Italian Migrations - HONOR313_FA18

Charli Eiseler Blog #1

Nuovomondo Film Review
Blog #1
Charli Eiseler
 
Nuovomondo is an Italian/French film directed by Emanuele Crialese, and released in 2006. In this essay, I will review and analyze this film, understanding its filmography, use of imagery, relationship between real and surreal, and how it explains migration in a new light.
The attention to detail and the amount of thought in every scene in this film is quite mesmerizing. In all, there were many scenes that alluded to an underlying theme, but there were a few that made a lasting impact. One of the earlier scenes occurred when the Mancuso family was boarding the ship that would take them to the “New World”. The camera is shot from a bird’s eye view and you can see what seems to be a huge mass of people standing, awaiting their departure. Slowly the mass begins to separate, as the, “distance between ship and harbor is like a wound that opens up,” and at first you can’t tell which side is land and which is ship (Heyer-Caput, 278). This scene makes you wonder who’s leaving, who’s staying, and you get to see how a part of them that is getting left behind. Like a wound, they must lose a part of themselves in order to start a new life, and a new beginning in America.

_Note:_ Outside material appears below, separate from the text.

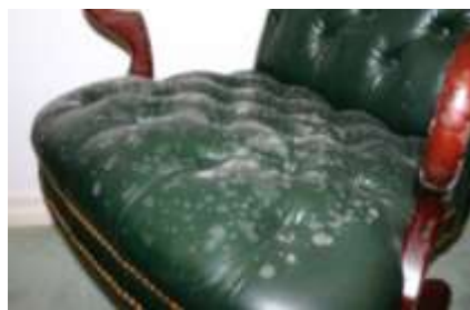
(2) leather mildew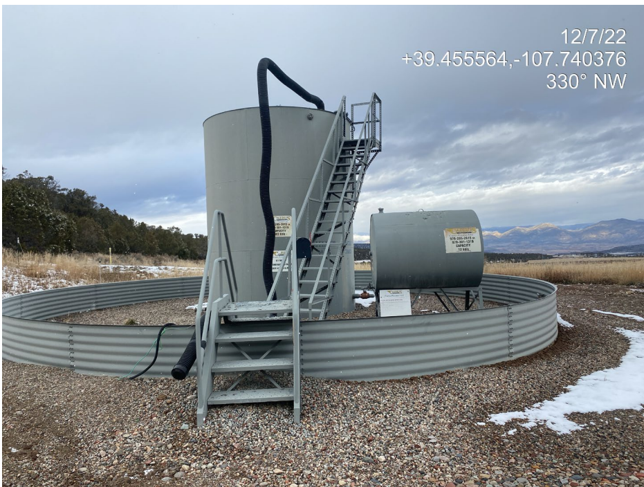
Photo 2. Photos show production areas.

Another captivating scene is captured when there is a brutal storm in the middle of the night when the emigrants are sailing in the Atlantic. From the beginning, the area where the Mancuso’s, and other lower class migrants, are resting, is almost completely dark. As they speak you only get to catch a glimpse of the structure of their face from the candlelight. The darkness creates a somber and depressing tone that gives you somewhat of a passage into what it would have really been like to be on the boat. The director of photography, Agnes Godard, claimed that he, “wanted real darkness, a darkness made for rats, not human beings” (Heyer-Caput, 275). Once the storm comes, all, “distinctions of gender, provenance, work, and even class are erased in the course of this dramatic moment” (Teresa Fiore, 46). Everyone was being thrown around the boat, no one had any advantage, making them all equals. This view demonstrated how everyone was going through the same realities and the same fears of coming to the New World.  

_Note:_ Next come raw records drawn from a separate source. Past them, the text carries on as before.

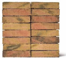
EW0494 Efterår m/kul LESS

The illustrated product below is an example of a product covered by this EPD.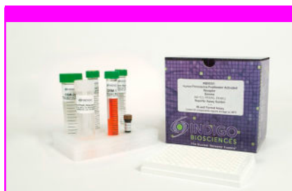
Indigo Assay Kit

In 2011, funding from the CCIDC's Revolving Loan Fund, combined with local bank financing, provided the necessary working capital for the expansion of the company's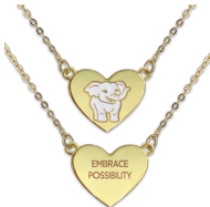
Embrace Possibility Necklace

The use of imagery and realism played a huge role in the style of this film. Some critics criticized the “hyperrealism” that Crialese depicts with his use of enlarged vegetables and animals, the coins raining on Salvatore, and the milk seas. After the initial impact of the surreal imagery, I could understand how Salvatore’s imagination had an influence on him. The coins showering him could be explained as a sign from God, telling him that emigration from Italy would bring him good fortune. On the other hand, the milk scenes were, and still are, very hard for me to completely understand. The only understanding I can make is in the closing scene when Salvatore and Lucy, and then multiple other immigrants, swim in the milk. To me I can conclude this as them being able to swim to America and begin their new lives. Compared to the beginning when Salvatore could not swim well, this shows how he has transitioned into this “new” Italian self, who is an immigrant in the United States. As the camera pans out, you can also conceive the swimmers to look as if they are birds flying through a white sky, giving the same perception. This imagery is very obscure, therefore, I believe most viewers do have a hard time appreciating the artistic moments.

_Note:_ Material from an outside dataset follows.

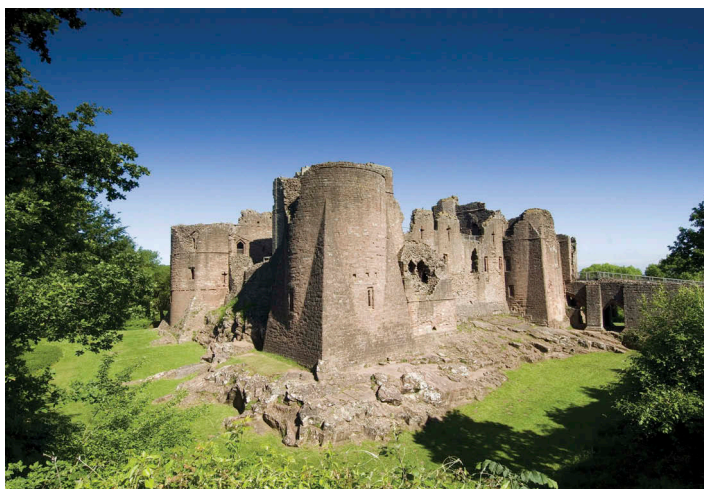
Figure 4. Goodrich Castle, Hereford

Nuovomondo did tell one story of the Mancuso family, but it also shed light on a part of Italian migration that most people do not recognize. The Italians initially decided to migrate to the United States after the initial junction of Italy in 1890. Italians wanted to leave their “Old World” and settle into a new life that was possible in America, but the stereotypes and discourses that separated them in Italy ended up following them. Previous immigrants to the United States consisted almost exclusively of Northern and Western Europeans, whom, “were more or less closely allied to [Americans] racially, historically, socially, industrially and politically” (Nelson Moe, 1). Therefore, these new Italians coming majorly from the South were seen as inferior, even to Northern Italians. Italians remained the only ethnic group to be divided into two different “races or peoples” during immigration. The process of coming to America ended up creating a new kind of Italian outside of Italy. The migration process, alone, exposed people in ways they never expected; though, in a way, “something had to be lost so that something else could be created” (Teresa Fiore, 48).
The title, Nuovomondo, itself explains the junction of two different worlds creating something new and different, but maybe not perfect. Emanuele Crialese takes you on an artistic adventure in his film by utilizing his talent for hyperrealism. This technique gives him an edge against any other Italian immigration film. He is able to demonstrate the real-life feelings of life during the late 19th century and also visualize the fears, hopes, and dreams, that envelop an immigrants thoughts. This film breaks boundaries that not many directors are willing to take, but this bravery allows a new view of , “the complex map of departures, arrivals, and returns that have made Italy into a circularly diasporic place”(Teresa Fiore, 40).